** Opening INFORMATION PROVIDED block **
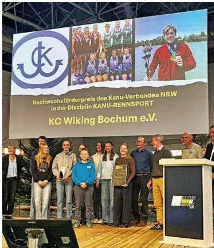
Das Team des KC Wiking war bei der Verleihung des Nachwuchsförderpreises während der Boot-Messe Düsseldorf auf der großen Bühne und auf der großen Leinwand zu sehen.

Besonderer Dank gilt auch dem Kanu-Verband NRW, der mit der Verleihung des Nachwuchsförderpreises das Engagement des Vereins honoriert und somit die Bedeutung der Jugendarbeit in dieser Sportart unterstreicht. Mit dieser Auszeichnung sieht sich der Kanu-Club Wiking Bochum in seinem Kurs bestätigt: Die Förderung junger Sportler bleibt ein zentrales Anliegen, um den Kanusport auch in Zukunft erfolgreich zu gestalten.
** Closing INFORMATION PROVIDED block **
** Opening INFORMATION PROVIDED block **
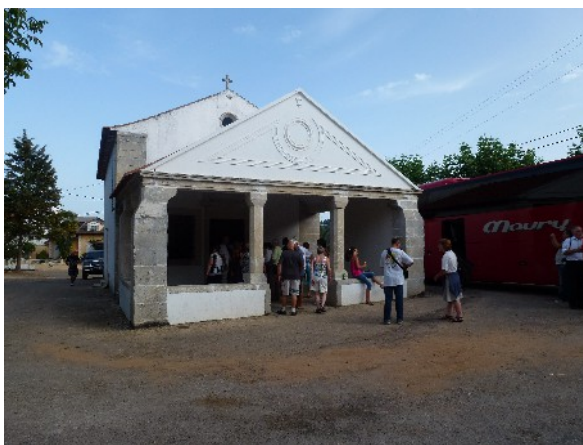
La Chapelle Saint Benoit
** Closing INFORMATION PROVIDED block **
** Opening INFORMATION PROVIDED block **
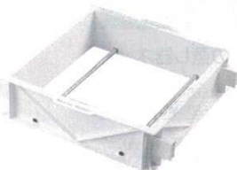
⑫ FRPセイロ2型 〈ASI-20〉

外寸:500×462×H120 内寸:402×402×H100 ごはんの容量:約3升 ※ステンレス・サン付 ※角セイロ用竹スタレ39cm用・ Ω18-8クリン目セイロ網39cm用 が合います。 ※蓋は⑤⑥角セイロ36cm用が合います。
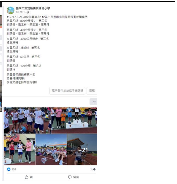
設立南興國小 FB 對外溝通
** Closing INFORMATION PROVIDED block **
**TASK**. Only a number is expected here: how many lines above contain the word "Wiking".

**REPLY TO THE TASK**. 2